**What the exercise asks:**
Among the records below, find the line that has "Klädskåp med helsvetsad"; from there, give the lines again exactly, and stop after the line that has "- Personalised album".

**Record excerpts:**
== == ==

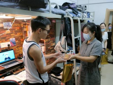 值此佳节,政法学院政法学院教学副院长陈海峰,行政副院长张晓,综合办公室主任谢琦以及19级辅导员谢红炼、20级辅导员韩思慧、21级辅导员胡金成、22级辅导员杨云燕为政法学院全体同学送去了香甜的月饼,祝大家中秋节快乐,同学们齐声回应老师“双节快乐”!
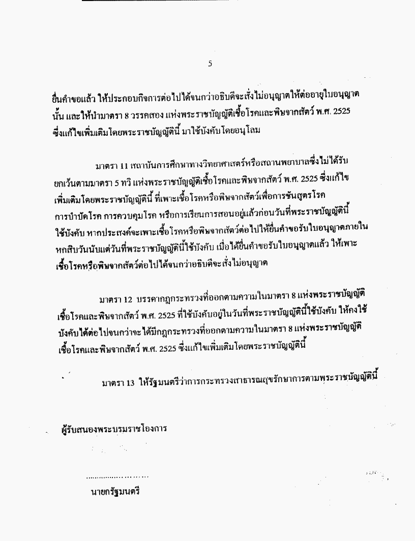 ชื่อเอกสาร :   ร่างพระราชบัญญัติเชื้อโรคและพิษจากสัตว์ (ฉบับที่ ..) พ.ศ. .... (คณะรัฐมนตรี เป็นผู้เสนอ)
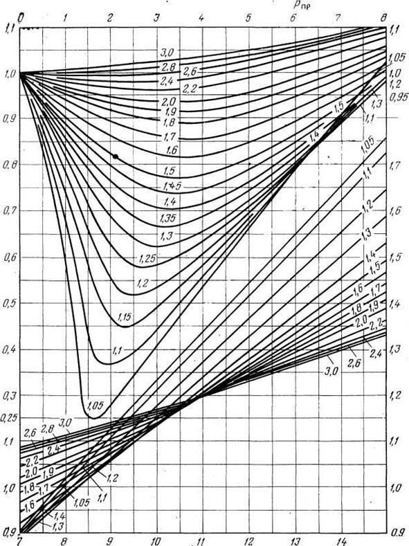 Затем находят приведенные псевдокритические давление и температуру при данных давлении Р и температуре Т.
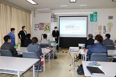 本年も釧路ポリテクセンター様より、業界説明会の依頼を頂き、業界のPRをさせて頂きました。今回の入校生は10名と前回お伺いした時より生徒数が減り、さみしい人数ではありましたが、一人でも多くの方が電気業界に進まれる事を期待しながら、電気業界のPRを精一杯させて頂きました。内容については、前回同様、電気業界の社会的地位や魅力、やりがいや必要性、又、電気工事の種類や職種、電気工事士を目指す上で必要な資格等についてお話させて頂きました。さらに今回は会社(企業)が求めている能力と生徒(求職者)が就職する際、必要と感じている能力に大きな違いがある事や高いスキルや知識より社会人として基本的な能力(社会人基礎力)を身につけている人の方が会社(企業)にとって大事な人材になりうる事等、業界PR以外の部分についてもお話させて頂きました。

== == ==

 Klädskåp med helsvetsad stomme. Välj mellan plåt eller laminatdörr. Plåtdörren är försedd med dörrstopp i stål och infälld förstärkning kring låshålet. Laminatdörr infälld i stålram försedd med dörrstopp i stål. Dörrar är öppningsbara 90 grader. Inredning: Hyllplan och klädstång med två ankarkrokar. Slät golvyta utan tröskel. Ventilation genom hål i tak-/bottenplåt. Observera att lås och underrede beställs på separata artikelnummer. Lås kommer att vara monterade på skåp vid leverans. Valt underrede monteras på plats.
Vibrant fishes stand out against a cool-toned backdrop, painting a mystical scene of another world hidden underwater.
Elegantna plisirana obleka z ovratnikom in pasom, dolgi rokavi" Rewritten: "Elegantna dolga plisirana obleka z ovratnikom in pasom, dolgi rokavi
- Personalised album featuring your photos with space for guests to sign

== == ==

**Task answer:**
 Klädskåp med helsvetsad stomme. Välj mellan plåt eller laminatdörr. Plåtdörren är försedd med dörrstopp i stål och infälld förstärkning kring låshålet. Laminatdörr infälld i stålram försedd med dörrstopp i stål. Dörrar är öppningsbara 90 grader. Inredning: Hyllplan och klädstång med två ankarkrokar. Slät golvyta utan tröskel. Ventilation genom hål i tak-/bottenplåt. Observera att lås och underrede beställs på separata artikelnummer. Lås kommer att vara monterade på skåp vid leverans. Valt underrede monteras på plats.
Vibrant fishes stand out against a cool-toned backdrop, painting a mystical scene of another world hidden underwater.
Elegantna plisirana obleka z ovratnikom in pasom, dolgi rokavi" Rewritten: "Elegantna dolga plisirana obleka z ovratnikom in pasom, dolgi rokavi
- Personalised album featuring your photos with space for guests to sign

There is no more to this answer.